The 4% rule and college overlap years
The calculator uses the 4% rule (Bengen 1994) to translate a lump-sum retirement balance into annual income: a portfolio theoretically sustains 30+ years of 4% annual withdrawals with high historical probability.3 It's a planning benchmark, not a guarantee. For families with significant Social Security income, the required portfolio may be lower. For early retirees, a 3.5% rate is more conservative.
The "college overlap years" — when tuition payments and retirement contributions collide in your mid-50s — are the most cash-intensive period in a family's financial life. Starting 529 contributions early, even at modest amounts, dramatically reduces the monthly burden during those years.
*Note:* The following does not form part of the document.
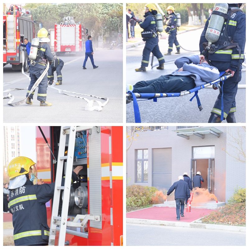 12时30分,随着副校长黄秀琴一声令下,演练活动正式开始。接到宿舍楼物业的消防“报警”后,消控室工作人员立即将火情报告保卫处并进行“119”报警。学校保卫处的安保人员在最短的时间内赶到“火灾现场”,对火情进行初步控制。同时,在现场工作人员的疏散引导下,楼内师生纷纷弯腰低身,捂住口鼻,有序地从各楼层安全通道迅速撤离。接到“火警”的江宁区消防中队的消防队员们驾驶消防车、携带消防救援装备赶到“火灾现场”。他们迅速制定灭火救援方案,用高射水枪组织立体水网,对火势进行交叉控制,还准备好云梯随时准备对楼内被困师生展开救援。消防队员们专业的消防技能和无畏的战斗气魄,赢得了在场师生们的阵阵掌声。救援队员还成功地将“受伤”同学从火场救出,送到已经等候在紧急救援点的校医院医生处进行施救。13时许,整个演练顺利结束。

Our college savings benchmarks by age show the monthly savings targets by your child's current age for all three school types.
Related tools and guides
- 401(k) vs. 529 Prioritization Calculator — step-by-step decision framework
- College Cost & 529 Savings Calculator — per-child monthly target
- 529 College Savings Benchmarks by Age — on-track balances for ages 0–16
- Roth vs. Traditional 401(k) Calculator — two-income household comparison
- FAFSA Financial Aid Estimator — see how your assets affect aid eligibility
- Family Financial Planning Guide — complete household framework
- 529 Funding Strategy — state plan selection, superfunding, and benchmarks
- Match with a fee-only family financial advisor
Get both goals modeled by an advisor
A fee-only family advisor builds the integrated household model: retirement gap, college funding shortfall, insurance coverage, estate documents, and tax optimization — all in one plan. No AUM minimums for many. No commission on products.
Sources
- Fidelity — Retirement Savings Guidelines. Salary-multiple benchmarks: 1× at 30, 3× at 40, 6× at 50, 8× at 60, 10× at 67. Based on 15% savings rate, retirement at 67, planning horizon through 93.
- College Board — Trends in College Pricing 2025 Highlights. Annual all-in costs (tuition, fees, room, board) for 2025-26: in-state public $30,990; out-of-state $50,920; private nonprofit $65,470. Used as base costs in the calculator with 4% inflation projection.
- Kitces — The 4% Safe Withdrawal Rate in Retirement. Bengen (1994) Trinity Study basis for the 4% planning benchmark. Note: early retirees should consider a 3.5% rate for longer horizons.
- IRS — 401(k) Contribution Limits 2026. Employee deferral limit $24,500; catch-up at 50+ adds $8,000 (total $32,500); super catch-up at 60-63 adds $11,250 (total $35,750 per IRS Notice 2025-67).
College cost data from College Board 2025-26. Retirement benchmarks from Fidelity research. Calculator uses simplified annual compounding — no state taxes, no financial aid adjustment, no intra-college drawdown modeling. All results are planning estimates only, not financial advice.